The money can be used by local authorities to buy properties where the tenants are on housing assistance payments (HAP) or the rental accommodation scheme (RAS) and the landlords want to sell up.

Each local authority has been given until March 31st to outline its plans for social housing acquisitions for 2023, the number it has completed and the numbers in progress. All acquisitions will have to be added to a database.

Minister for Housing Darragh O’Brien has also requested that reports are provided to the department relating to each individual acquisition of a property with a tenant-in-situ.

The circular sent by the principal officer of the Department of Housing, David Kelly, on behalf of the Minister does not state how much money each local authority will be given to buy housing.

Instead he explained that guidelines around the cost of acquisition of housing will be issued by the department shortly. However, each purchase will require an independent valuation before it is approved.

Mr Kelly said the figures supplied to each local authority were not a target “but rather to support planning and to allow local authorities to prioritise the acquisitions to be targeted”.

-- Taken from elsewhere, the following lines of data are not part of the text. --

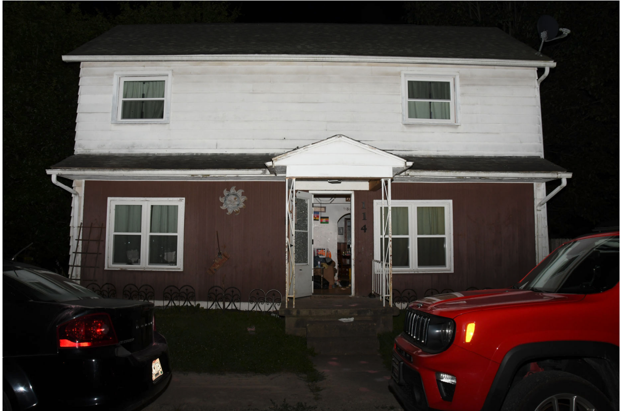
Image 1. 114 N 9th St. Byesville, OH

Officer Involved Critical Incident - 114 North Ninth St., Byesville, OH (L)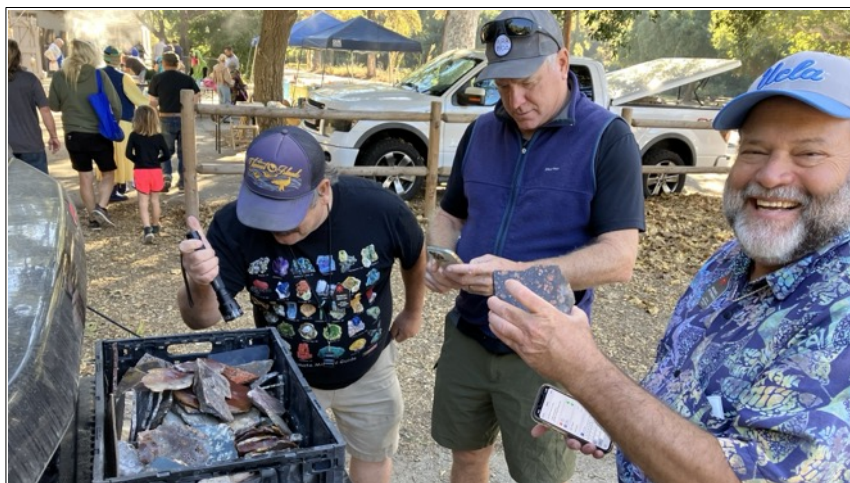
Hope to see you at Rocktoberfest!

Rocktoberfest will be held on Sunday, October 27 th at our VGMS clubhouse grounds (11969 N. Creek Rd., Ojai). We need volunteers to help set up pop-ups, chairs, etc. at 8 a.m. Breakfast is served at 9:30, Silent Auction 10:30-11:45, Tailgating 8 a.m. - 1 p.m. Clean-up and close at 1 p.m. Please RSVP if you are attending in any capacity at http://whosbringingwhat.com/vgms .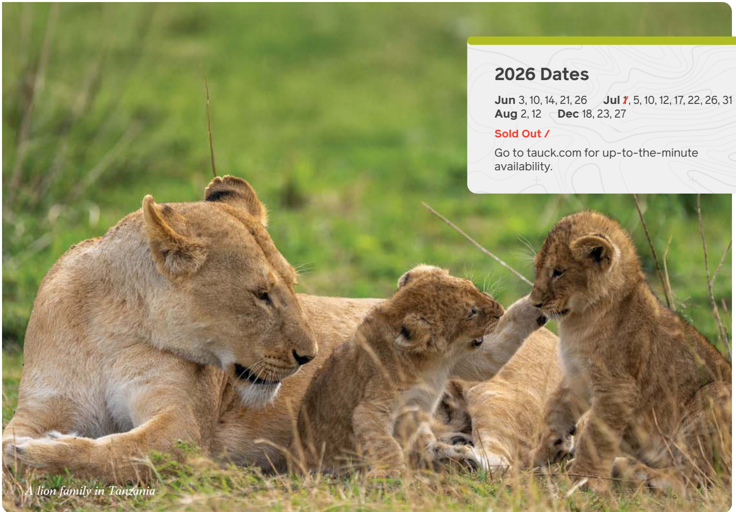
A lion family in Tanzania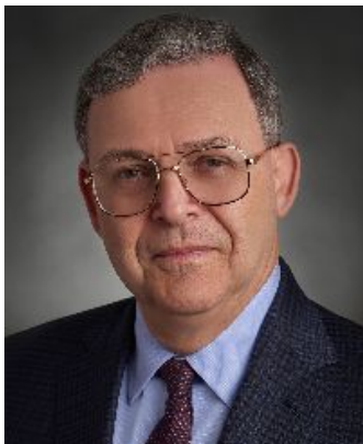
Look Who's Driving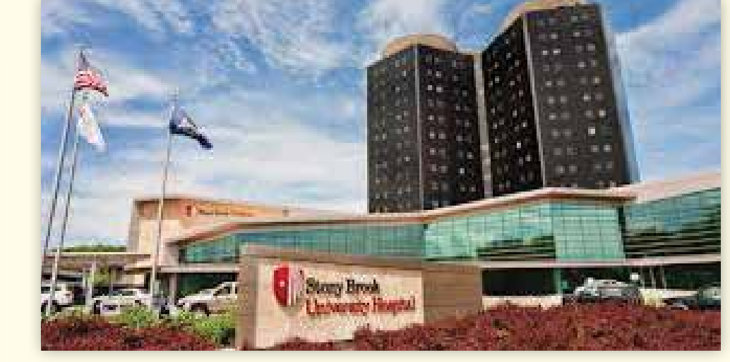
Stony Brook University, USA: 2012 - Ph.D. (Genetics)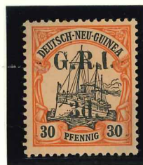
Mi.81 / SG.8 (17 October 1914)

The Government is under acute political pressure to increase the social housing supply following the end of the moratorium on evictions from April 1st. It is likely to see a substantial increase in homelessness.

Previous iterations of the tenant-in-situ scheme have provided disappointing results. Just 13 homes were purchased under the scheme between the four Dublin councils last year despite more than 400 properties being offered to the local authorities. A further 382 properties are being examined for possible purchase, of which 92 are described as at “closing” or “sale agreed” stage.

DCC, which has the worst homelessness problem in the State, said it has now purchased 25 homes to date and criticised what it called “negative commentary”. It said the number of homes it has purchased does not reflect the number that are currently in the final stages of being purchased.

In a statement, DCC said that “similar to the purchase of any property, undertaking due diligence can be a lengthy process and, at a given time, the number of completed acquisitions represents only a fraction of purchases in progress”.

Figures from a number of other local authorities across the country show a similarly low number of purchases through the scheme to date.